Menu Close

What is the difference between Benedictine and Cistercian orders?

What is the difference between Benedictine and Cistercian orders?

The Cistercians were formed out of the Benedictine monastic lifestyle. They are therefore part of the Benedictine order. The original Cistercians, now known as Cistercians of the Common Observance, focused on hard labour and prayer. However, over the centuries the focus shifted to academic educational pursuits.

What is the difference between Benedictine and Carthusian monks?

The Carthusians They did not have their own rule, but followed the Benedictine Rule in a different way. Their way was austere. These monks were silent and they fasted for much of the time. Each cell had its own garden and each monk had a patch of land to cultivate.

What is the difference between Jesuits and Benedictines?

Benedictine and Jesuit are two types of monastic orders in the Catholic Church.
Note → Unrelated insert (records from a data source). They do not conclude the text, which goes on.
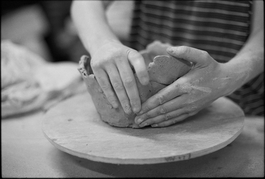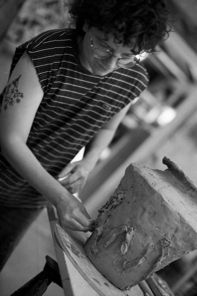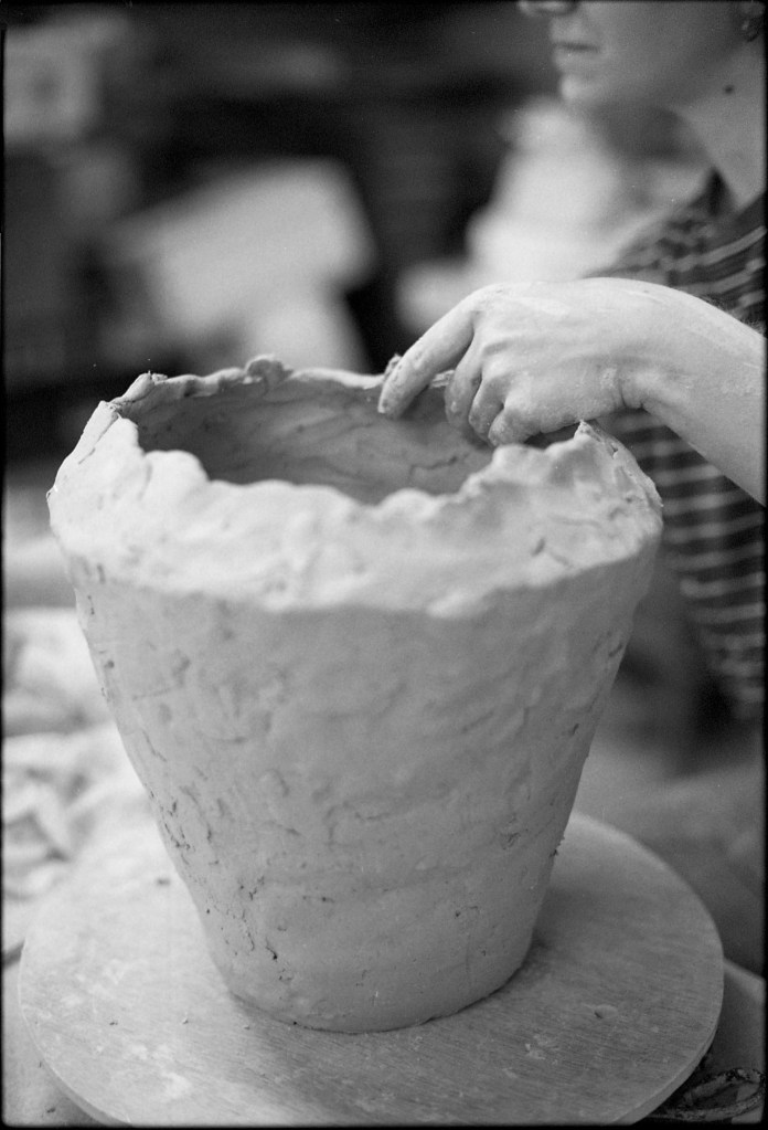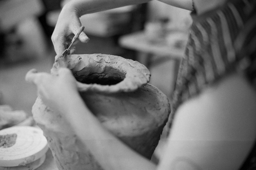 Tel un souffle joueur, une légèreté décomplexée traverse aussi son geste. Car si la création est pour Elina un terrain d’exploration sensible, elle est tout autant un espace de plaisir, de liberté. En traçant les lignes de son décor, en posant les pierres qui viendront ponctuer son pot, elle s’interrompt soudain, contemple ce qu’elle vient de d’apposer avec un sourire complice : « Ça, je vais le garder, parce que c’est vachement fun », lance-t-elle. Loin d’un rituel figé ou d’une quête sérieuse de perfection, son travail est aussi affaire de joie, d’instinct, de spontanéité. La terre, entre ses mains, devient un terrain de jeu où l’on tente, l’on ose, l’on s’amuse — sans jamais trahir la profondeur du geste.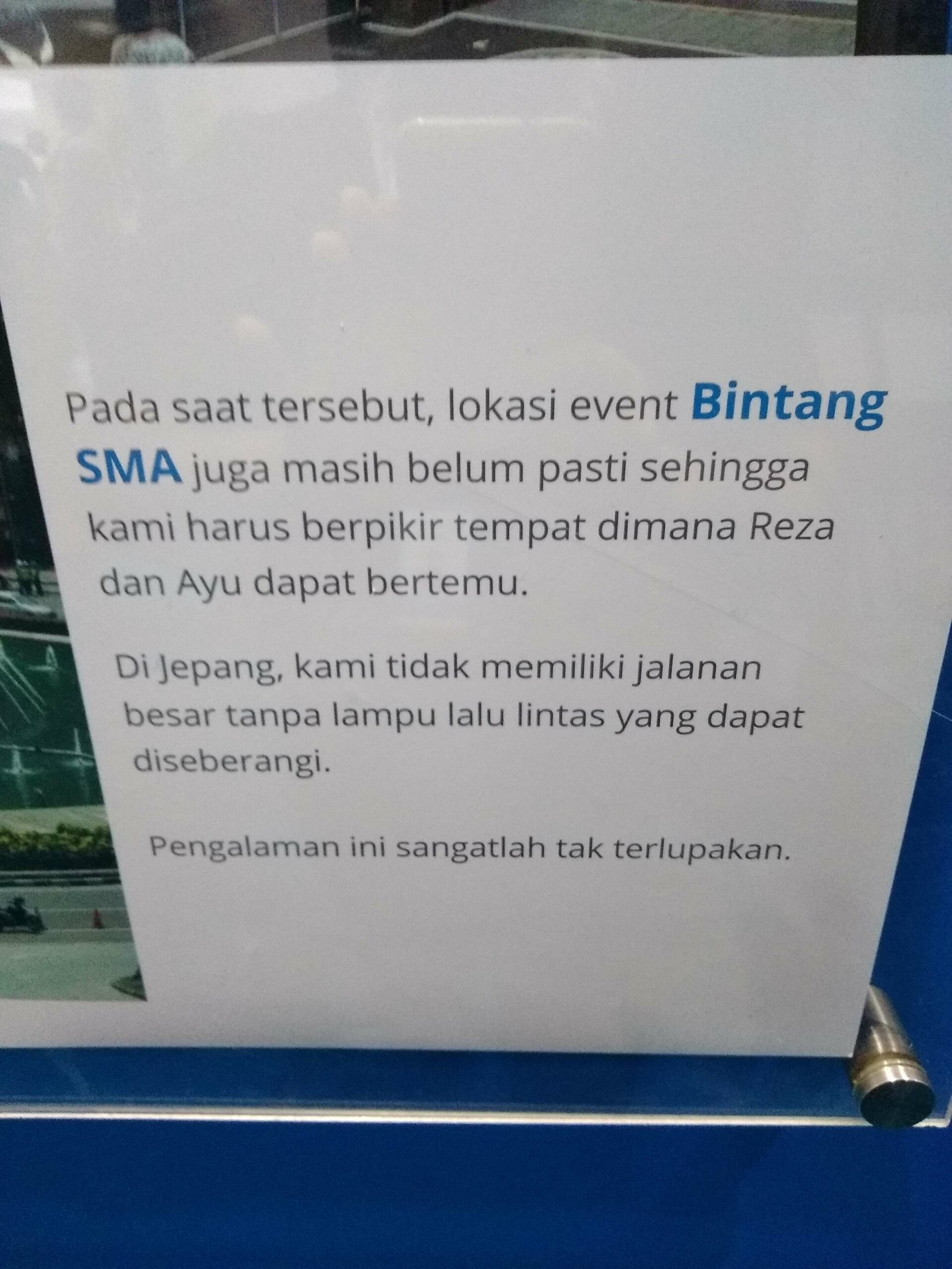 Tim KAORI Nusantara sempat berkunjung ke acara Pocari Festival, termasuk melihat-lihat proses di balik layar dari video iklan TVC POCARI SWEAT – Bintang SMA tersebut. Dalam salah satu ruangan yang didedikasikan khusus untuk video iklan tersebut, pengunjung bisa melihat sejumlah sketsa kasar maupun ilustrasi-ilustrasi lainnya akan video iklan bergaya anime karya Makoto Shinkai tersebut, lengkap dengan informasi-informasi menarik di dalamnya. Bukan itu saja, jika beruntung, mereka bisa bertemu dan mengobrol langsung bersama salah seorang tim yang juga turut datang langsung dari Jepang bersama Yoshitoshi Shinomiya sang sutradara. Kru tersebut adalah Ryoichiro Matsuo yang bertindak sebagai Animation Producer.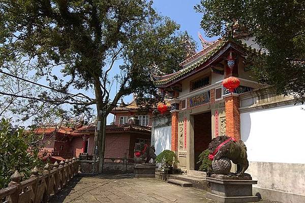 獅頭山山門的紫陽門,是獅頭山中最重要的古蹟,屬穿堂式的獨立門樓,屋頂是重檐歇山式建築,格局巍峨堂皇,兩座巨大石獅把門。

Each has its own religious rule or doctrine and follows under a religious superior. Education plays a large role in both the Benedictine and Jesuit orders, ranking high among their beliefs and traditions.
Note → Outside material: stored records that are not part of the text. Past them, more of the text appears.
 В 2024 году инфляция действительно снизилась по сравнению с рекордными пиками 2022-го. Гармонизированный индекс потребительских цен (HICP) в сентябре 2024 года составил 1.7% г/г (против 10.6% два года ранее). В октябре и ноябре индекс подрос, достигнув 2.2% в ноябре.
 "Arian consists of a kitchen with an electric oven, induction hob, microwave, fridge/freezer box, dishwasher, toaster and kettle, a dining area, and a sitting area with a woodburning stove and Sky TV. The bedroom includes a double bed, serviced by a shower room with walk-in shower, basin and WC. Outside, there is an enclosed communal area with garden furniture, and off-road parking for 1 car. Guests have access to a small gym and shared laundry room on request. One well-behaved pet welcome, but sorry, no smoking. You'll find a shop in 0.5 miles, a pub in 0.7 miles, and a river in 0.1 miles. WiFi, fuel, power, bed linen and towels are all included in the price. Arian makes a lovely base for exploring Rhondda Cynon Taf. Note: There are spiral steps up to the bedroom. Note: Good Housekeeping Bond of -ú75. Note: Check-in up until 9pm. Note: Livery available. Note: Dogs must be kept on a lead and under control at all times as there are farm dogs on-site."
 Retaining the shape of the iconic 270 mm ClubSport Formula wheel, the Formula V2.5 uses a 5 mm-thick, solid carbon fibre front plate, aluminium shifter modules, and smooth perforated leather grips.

Why are there different orders of monks?

There are more than a dozen different orders of monks. Although they are all similar in many ways, different sects have different philosophies, emphasize different things, have different vows, live in different kinds of communities and wear different clothing.

What is the order of monks?

Monastic orders are groups of men or women who dedicate themselves to God and live in an isolated community or alone.

What is the difference between Jesuit and Franciscan?

Jesuits and Franciscans are both Catholic, but they do represent different forms of Catholic spirituality. Jesuits are celebrated for their complexity; Franciscans are admired for their simplicity. Jesuit spirituality values discernment and decision-making, and a prayerful consideration of possibilities and choices.

Which order became one of the most important order of monks in twelfth century Europe?

The most famous of these were the Knights Hospitaller, the Knights Templar, and the Teutonic Knights. The Hospitallers (also known as the Order of the Knights of the Hospital of Saint John of Jerusalem) was founded by The Blessed Gerard (l. c. 1040-1120 CE) toward the close of the First Crusade (c.

What led to the creation of the Cistercian order?

What led to the creation of the Cistercian order? A group of monks were unhappy with the Benedictine monastery and believed that it had a lack of discipline. They created the Cistercian monasticism and spread around Europe.

What do Cistercian monks believe?

The Cistercian order maintained the independent organic life of the individual houses: each abbey having its own abbot elected by its own monks, its own community belonging to itself and not to the order in general, and its own property and finances administered without outside interference.

What was the focus of life of the Carthusians?

The focus of Carthusian life is contemplation. To this end there is an emphasis on solitude and silence. There are no Carthusian abbeys as they have no abbots, and each charterhouse is headed by a prior and is populated by two types of monks: the choir monks, referred to as hermits, and the lay brothers.

How many Carthusian monasteries were there before the Reformation?

In 1132, an avalanche destroyed the first hermitage, killing 7 monks under the snow. The fifth prior of Chartreuse, Guiges, rebuilt the hermitage. There were ten Carthusian monasteries in the British Isles before the Reformation, with one in Scotland and nine in England.

How long does it take to become a Carthusian monk?

The formation of a Carthusian begins with 6 to 12 months of postulancy, where the postulant lives the life of a monk but without having professed any kind of vows. This is followed by 2 years of novitiate, where the novice wears a black cloak over the white Carthusian habit.

What is the revolving compartment in a Carthusian plan?

A typical Carthusian plan: Clermont, drawn by Eugène Viollet-le-Duc, 1856. Next to the door is a small revolving compartment, called a “turn”, so that meals and other items may be passed in and out of the cell without the hermit having to meet the bearer.